## Work item
When you reach the line that contains "6일 서울 중구 하나은행", set down that line and every one after it through the end of the records, exactly as written and with no pictures.

## Material provided
>>>>
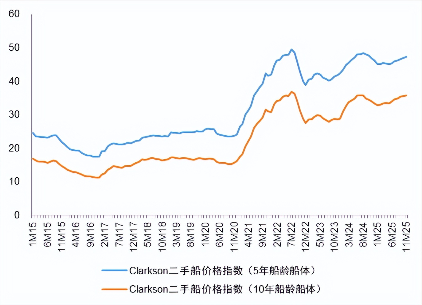 图片说明:二手船价格指数,数据来源于克拉克森
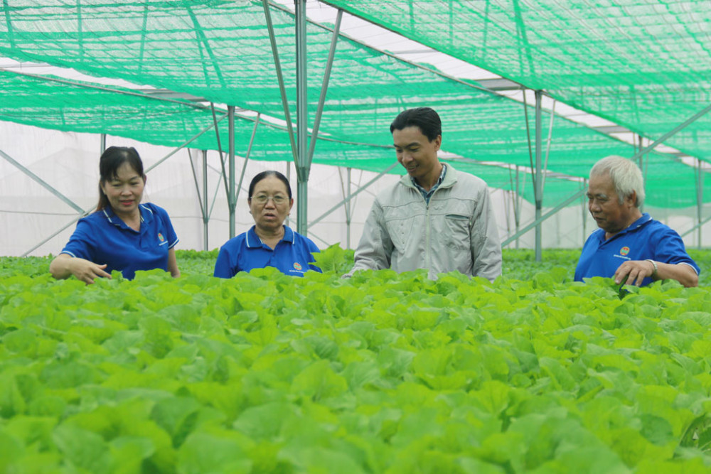 Mr. Nguyen Tran Minh Tai (2nd from right, Phuoc Ke Hamlet, Phuoc Lam Commune, Can Giuoc District) introduces the hydroponic vegetable growing model
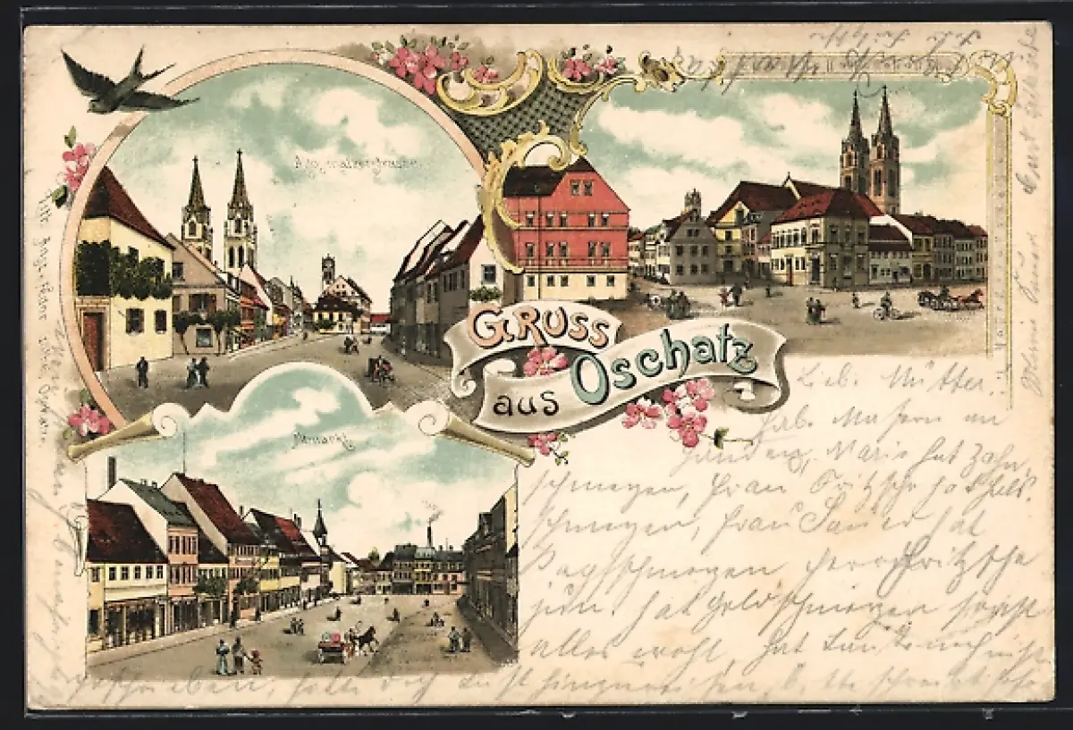 Lithographie Oschatz, Altmarkt, Strassenpartie
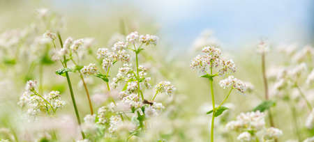 Close up of flowers of buckwheat. Blooming buckwheat field
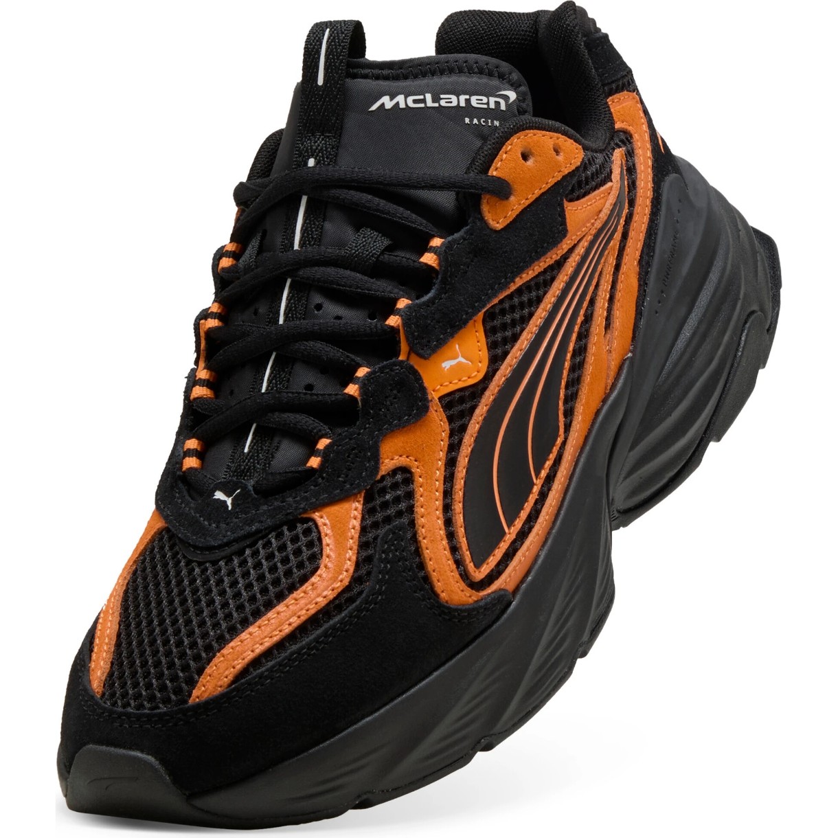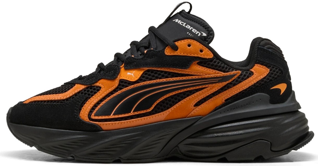 Dungile sintetice PUMA Formstrip de pe laterale, logo-ul McLaren Racing de pe limbă și elementele de branding PUMA Cat evidențiază caracterul modelului. Partea superioară este realizată parțial din materiale reciclate, combinând funcționalitatea cu o abordare mai responsabilă.
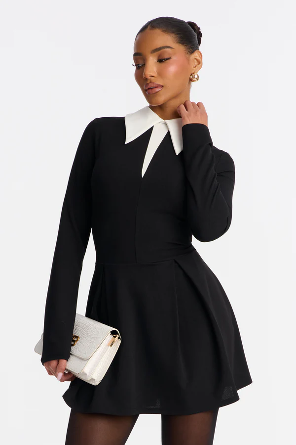 A black and white long sleeve mini dress designed with refined pleating and a structured silhouette for polished day to evening wear.
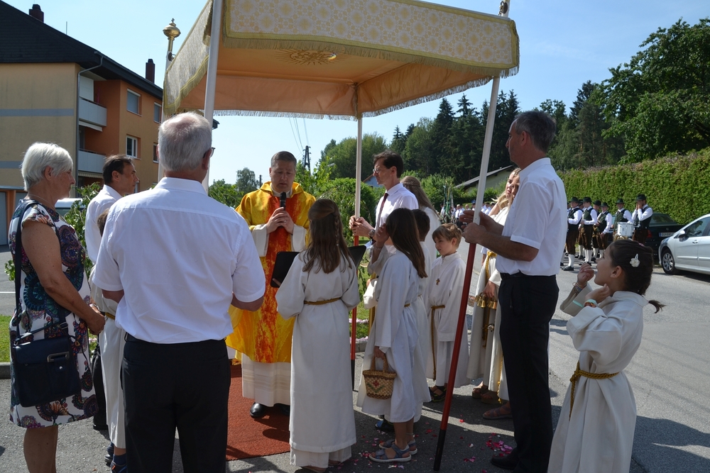 Mit Musik, Gebet und Gesang bewegte sich die Prozession zu den vier Altären, wo Lob und Dank, aber auch Fürbitte ausgesprochen wurden.
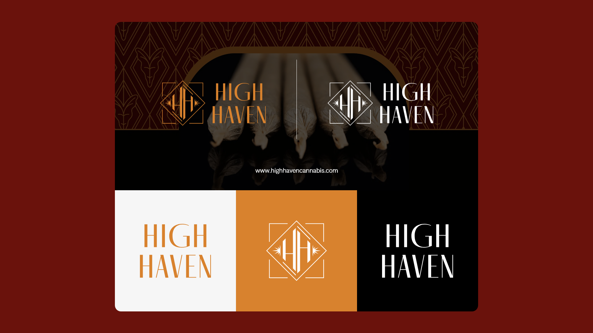 We knew from the start the High Haven logo had to be intrinsically connected to the refined elegance of the 1920s, which we completed by blending Art Deco influences with modern charm. The branding is sleek and sophisticated, with delineated geometrics that borders on architectural, accented perfectly by a luxurious gold palette. High Haven’s logo instantly speaks to folks who value individuality, who embrace the extraordinary, and who aren’t afraid to free themselves from the conventional.
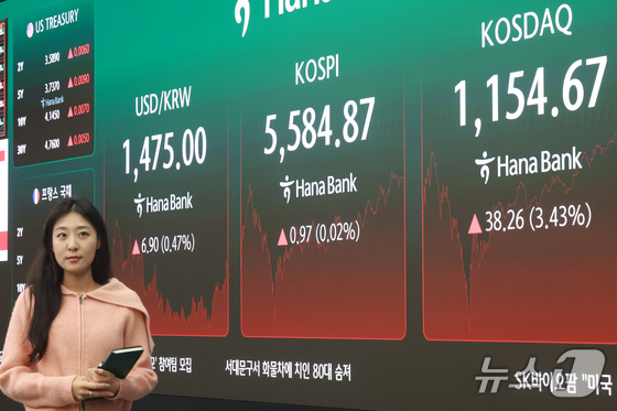 6일 서울 중구 하나은행 본점 딜링룸 전광판에 종가가 표시되고 있다. 이날 코스피 지수는 전일대비 0.97p0.02% 오른 5584.87에 코스닥은 전…
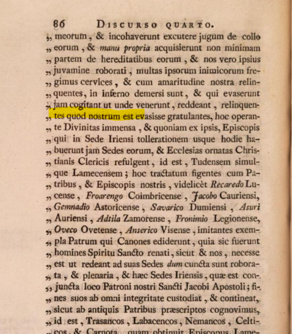 cuya ciudad por oculto juicio de Dios fué poseida por los moros, que en comun blasfeman del nombre de Cristo, por espacio de 376 años (...) Yo Alfonso, Emperador, con el auxilio de cristo pudiera volver á los fieles cristianos lo que la pérfida gente les habia quitado.
<<<<
## Answer to the exercise
 6일 서울 중구 하나은행 본점 딜링룸 전광판에 종가가 표시되고 있다. 이날 코스피 지수는 전일대비 0.97p0.02% 오른 5584.87에 코스닥은 전…
 cuya ciudad por oculto juicio de Dios fué poseida por los moros, que en comun blasfeman del nombre de Cristo, por espacio de 376 años (...) Yo Alfonso, Emperador, con el auxilio de cristo pudiera volver á los fieles cristianos lo que la pérfida gente les habia quitado.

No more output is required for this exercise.